Этот культурный ресурс был важной частью «советского стиля», когда на заводы и в НИИ пришли люди, сохранившие крестьянское космическое чувство и в то же время освоившие культурные нормы и навыки, порожденные Просвещением. Это проявилось во время войны в способе мысли и действия солдат и офицеров на фронте, работников и управленцев в тылу. Энтузиазмом никак не объяснить того факта, что во время войны более 73% раненых не просто излечивались, но и возвращались в строй. Более того, Конрад Лоренц, попав в плен и будучи назначен помощником советского врача в прифронтовом лагере военнопленных, был поражен способом лечения раненых немцев. Врач отказывался делать ампутации, которые в немецкой медицине считались неизбежными. Лоренц полагал, что врач сознательно обрекает немецких раненых на смерть — в качестве мести за их злодеяния. А им сохраняли конечности, потому что сам подход к военной хирургии был иным.
Энтузиазмом не объяснить того факта, что в середине 80-х годов один научный работник в СССР был обеспечен эквивалентными «приборными возможностями» в среднем примерно в 200 раз хуже, чем его коллега в США. В официальном документе «Комплексная программа научно-технического прогресса СССР на 1991-2010 годы» (М., 1988) не решились сообщить эту величину, здесь написано «в 80-100 раз хуже», но это дела не меняет. Для нас важен тот факт, что исследования и разработки советских ученых обеспечивали паритет с Соединенными Штатами Америки в области вооружений, а на их создание в США были направлены усилия 60% всего их научного потенциала. Это значит, что советские ученые располагали несоизмеримо меньшим количеством материальных ресурсов, но их «продукт» на главных направлениях был соизмерим.
* * *Как можно сегодня говорить о конкурентоспособности или хотя бы восстановлении России, не поняв, какими ресурсами советская научная система компенсировала такую нехватку материальных средств. В 90-е годы, взяв курс на имитацию всего социального и культурного уклада американской науки, российские реформаторы, вероятно, уничтожили конкурентные преимущества отечественной системы, даже не поинтересовавшись ее «анатомией и физиологией». А может быть, уничтожили еще не до конца — тоже благодаря своему невежеству. И даже не знаешь, стоит ли говорить вслух о том, что нам стало известно о русском (советском) «научном стиле» за годы кризиса.

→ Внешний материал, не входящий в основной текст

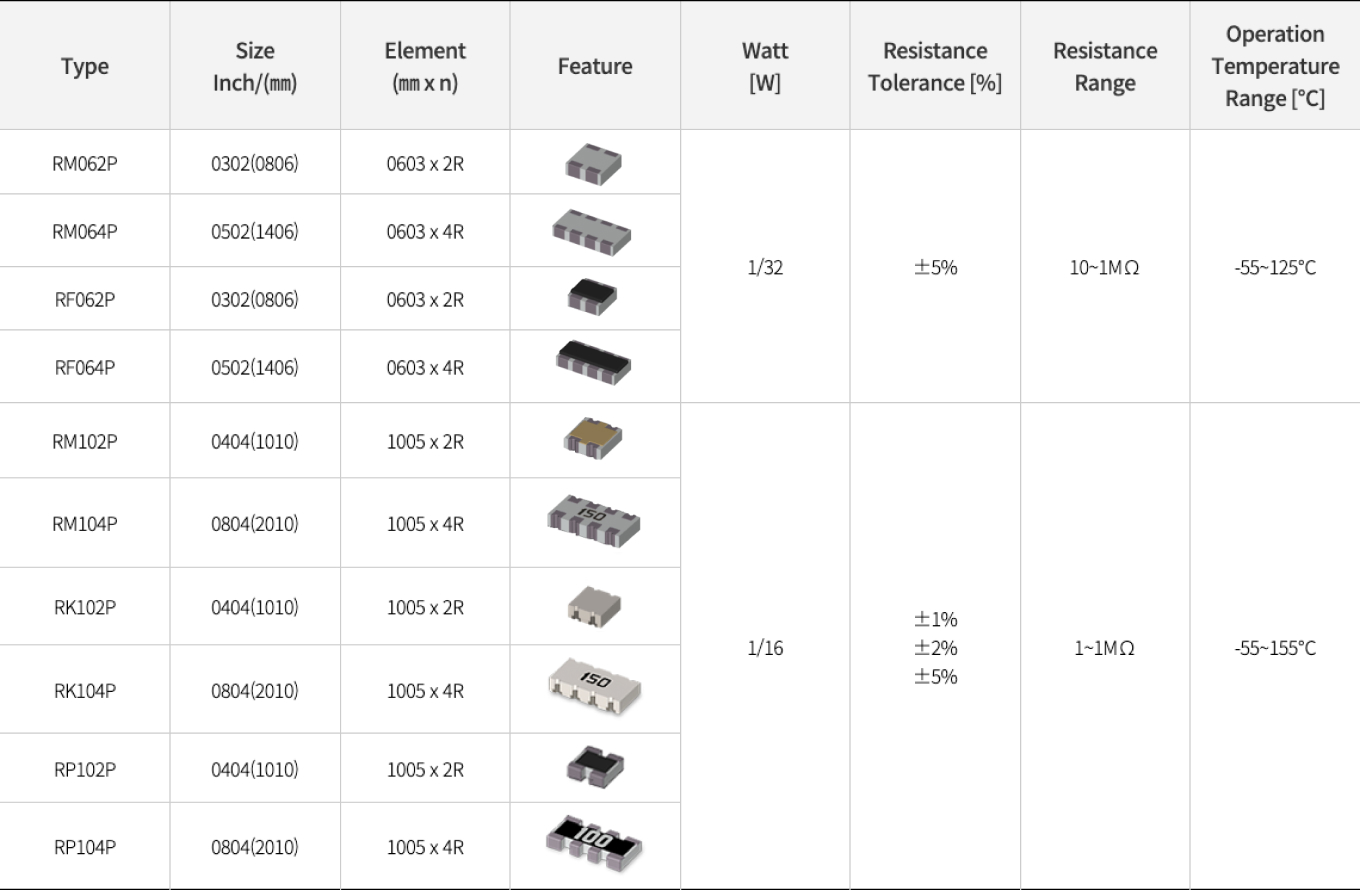 可以1个产品代替4个或2个单品电阻,与使用多个单品时相比,可减小安装面积。可减小安装次数,减少安装实践和费用,SMT 生产效率提升效果显著,因此其使用范围逐渐扩大。Array Resistor主要用于半导体企业,其质量和性能备受认可。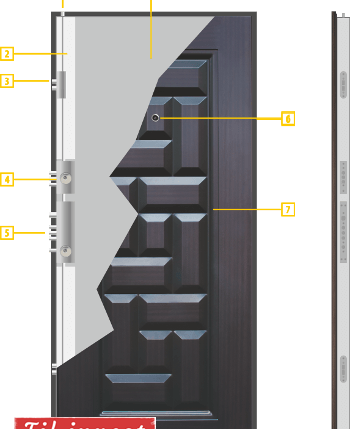 Метална каса от подсилен метал, с дебелина 90мм., необходим отвор за монтаж – 920/1990 мм., с машинно поставено топлопренесено PVC-фолио, фиксирана каса с гумени уплътнения и первази от едната страна..
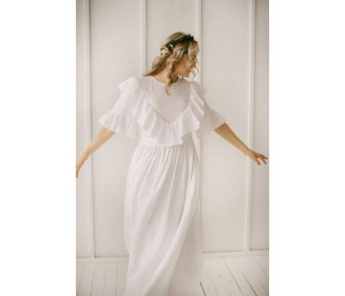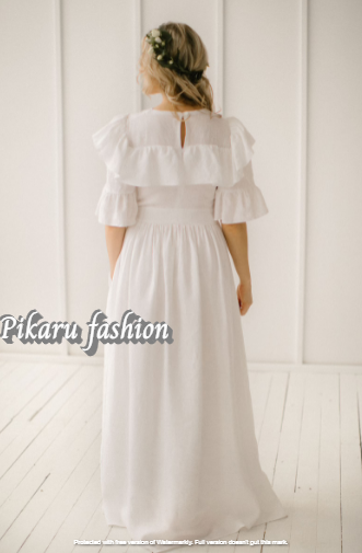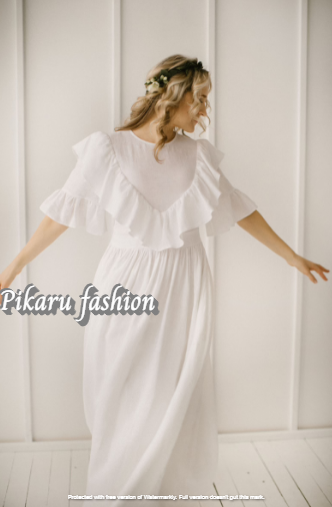ชุดเดรสยาวสไตล์ยิปซี,ชุดกระโปรงแฟชั่นแขนสั้นมีระบายสไตล์โบฮีเมียนสีขาวสำหรับฤดูร้อน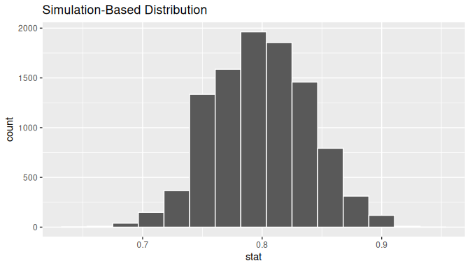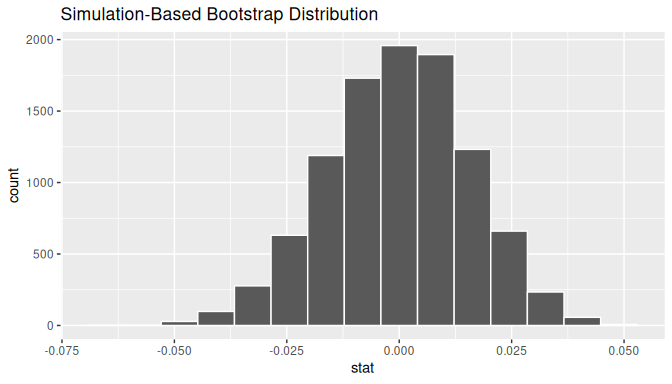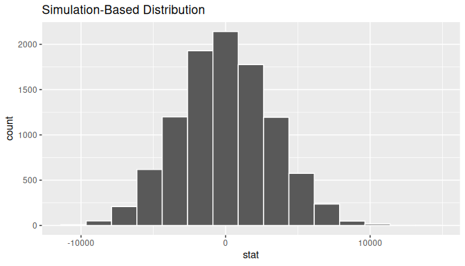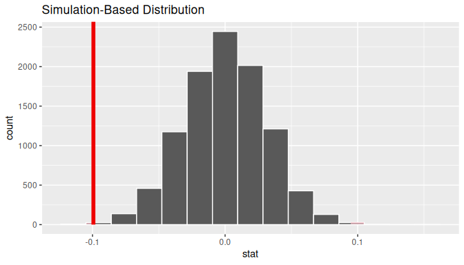 get_pvalue(obs_stat = d_hat, direction = "less")Warning: Please be cautious in reporting a p-value of 0. This result is an approximation based on the number of `reps` chosen in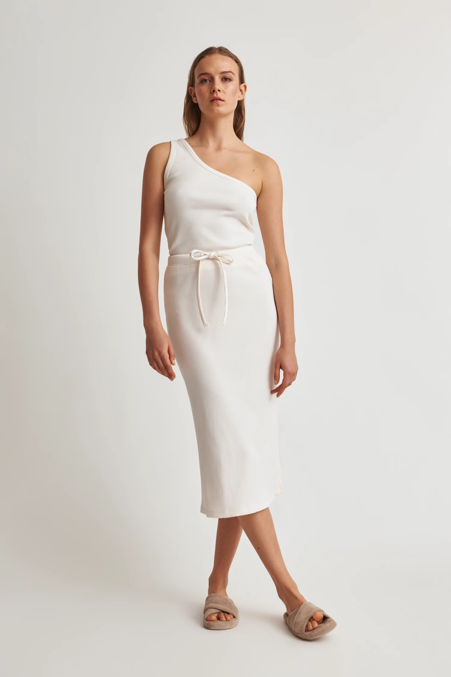Pima cotton and spandex blend together for a slim fit in this understated one-shoulder silhouette. Complement with the Imani Skirt and either Kyoto Slides or your favorite summer sandals.

То же самое можно сказать и о школе, и о высшем образовании. Эти институты есть порождение отечественной культуры — и в то же время являются той «генетической матрицей», на которой эта культура воспроизводится. Наша школа и вузы «производили» тип образованного человека и специалиста, который не производится конвейером западной школы и университета. В чем-то он был лучше, в чем-то хуже западного, но это был особый культурный тип, который очень высоко котировался на западном рынке интеллектуальной рабочей силы. Существенно и то, что советская школа и вуз давали образование высокого элитарного («университетского») типа при очень скромных материальных ресурсах. Например, в середине 80-х годов учебные расходы (материалы, реактивы, технические средства) за все время обучения одного студента-химика в МГУ составляли 560 руб., а в университетах США — 31 тыс. долларов. Но выпускники химфака МГУ, в целом, не уступали своим сверстникам в США. В чем тут дело? В особой педагогической культуре советской школы.